+++ Data records +++

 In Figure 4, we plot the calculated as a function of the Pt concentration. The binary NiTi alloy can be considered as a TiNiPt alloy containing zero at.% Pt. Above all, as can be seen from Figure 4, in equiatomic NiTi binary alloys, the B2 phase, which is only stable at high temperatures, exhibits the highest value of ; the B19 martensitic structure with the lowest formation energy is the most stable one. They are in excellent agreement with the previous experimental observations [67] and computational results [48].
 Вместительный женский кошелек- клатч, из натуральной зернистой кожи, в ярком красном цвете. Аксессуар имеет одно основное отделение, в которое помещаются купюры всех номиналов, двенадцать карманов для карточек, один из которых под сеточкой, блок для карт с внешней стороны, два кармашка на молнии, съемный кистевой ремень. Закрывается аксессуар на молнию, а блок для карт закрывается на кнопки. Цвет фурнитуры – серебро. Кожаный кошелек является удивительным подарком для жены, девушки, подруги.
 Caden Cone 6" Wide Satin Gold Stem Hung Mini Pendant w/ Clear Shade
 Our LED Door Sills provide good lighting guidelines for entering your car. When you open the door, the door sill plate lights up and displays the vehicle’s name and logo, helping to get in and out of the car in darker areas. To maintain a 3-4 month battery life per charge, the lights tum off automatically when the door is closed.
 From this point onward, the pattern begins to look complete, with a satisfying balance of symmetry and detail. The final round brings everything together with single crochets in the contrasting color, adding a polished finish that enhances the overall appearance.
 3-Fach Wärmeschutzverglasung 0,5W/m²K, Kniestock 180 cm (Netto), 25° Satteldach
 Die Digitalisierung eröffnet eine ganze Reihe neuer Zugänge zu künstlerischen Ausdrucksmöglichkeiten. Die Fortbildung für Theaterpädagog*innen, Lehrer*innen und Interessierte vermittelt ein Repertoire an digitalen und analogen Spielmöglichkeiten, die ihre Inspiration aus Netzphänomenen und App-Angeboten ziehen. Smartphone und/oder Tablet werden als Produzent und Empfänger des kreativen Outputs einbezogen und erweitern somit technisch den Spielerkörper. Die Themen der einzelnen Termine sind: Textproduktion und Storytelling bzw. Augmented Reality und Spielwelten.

+++
+++ Data records +++

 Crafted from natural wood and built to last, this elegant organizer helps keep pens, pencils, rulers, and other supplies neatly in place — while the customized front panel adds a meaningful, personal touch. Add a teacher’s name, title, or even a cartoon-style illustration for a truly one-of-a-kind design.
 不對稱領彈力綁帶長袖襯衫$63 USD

+++
+++ Data records +++

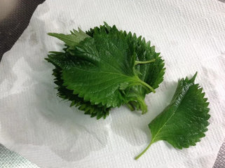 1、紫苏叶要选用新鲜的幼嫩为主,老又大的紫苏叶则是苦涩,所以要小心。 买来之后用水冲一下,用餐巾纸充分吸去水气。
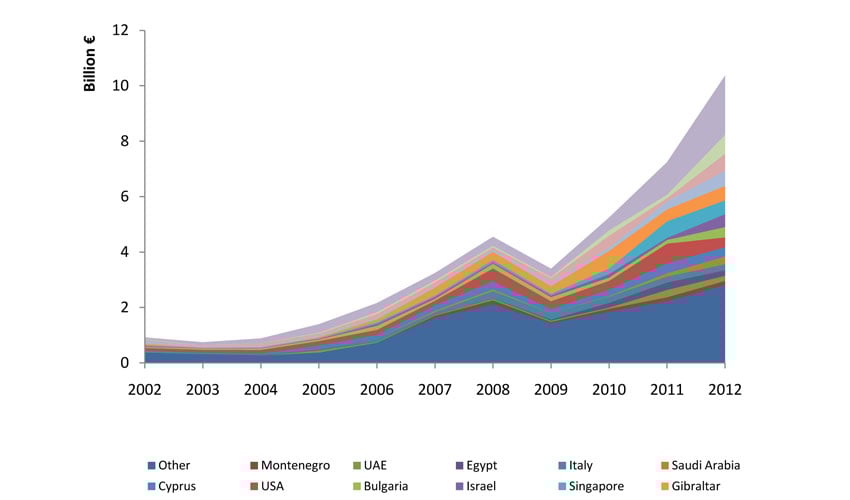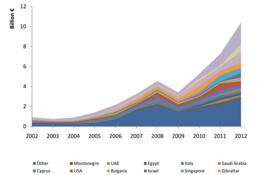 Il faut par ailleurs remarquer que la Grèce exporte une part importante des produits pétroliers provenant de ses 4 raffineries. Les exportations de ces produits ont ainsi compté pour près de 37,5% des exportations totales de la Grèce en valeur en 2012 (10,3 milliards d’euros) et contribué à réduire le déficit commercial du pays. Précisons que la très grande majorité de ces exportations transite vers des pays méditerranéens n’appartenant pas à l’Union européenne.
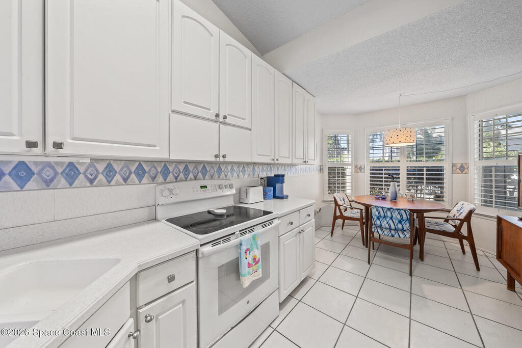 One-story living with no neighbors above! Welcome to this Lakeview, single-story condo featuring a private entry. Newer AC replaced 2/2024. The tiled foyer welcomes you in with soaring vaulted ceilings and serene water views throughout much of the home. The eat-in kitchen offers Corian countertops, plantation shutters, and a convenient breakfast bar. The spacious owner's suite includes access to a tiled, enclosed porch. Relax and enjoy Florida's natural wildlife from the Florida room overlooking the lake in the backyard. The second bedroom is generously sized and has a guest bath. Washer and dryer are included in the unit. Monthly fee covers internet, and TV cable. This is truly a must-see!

+++

■ **What the task requires**
Working from the records above, write out verbatim only the lines from the line containing "Crafted from natural" through the line containing "不對稱領彈力綁帶長袖襯衫$63 USD".

■ **Written response**
 Crafted from natural wood and built to last, this elegant organizer helps keep pens, pencils, rulers, and other supplies neatly in place — while the customized front panel adds a meaningful, personal touch. Add a teacher’s name, title, or even a cartoon-style illustration for a truly one-of-a-kind design.
 不對稱領彈力綁帶長袖襯衫$63 USD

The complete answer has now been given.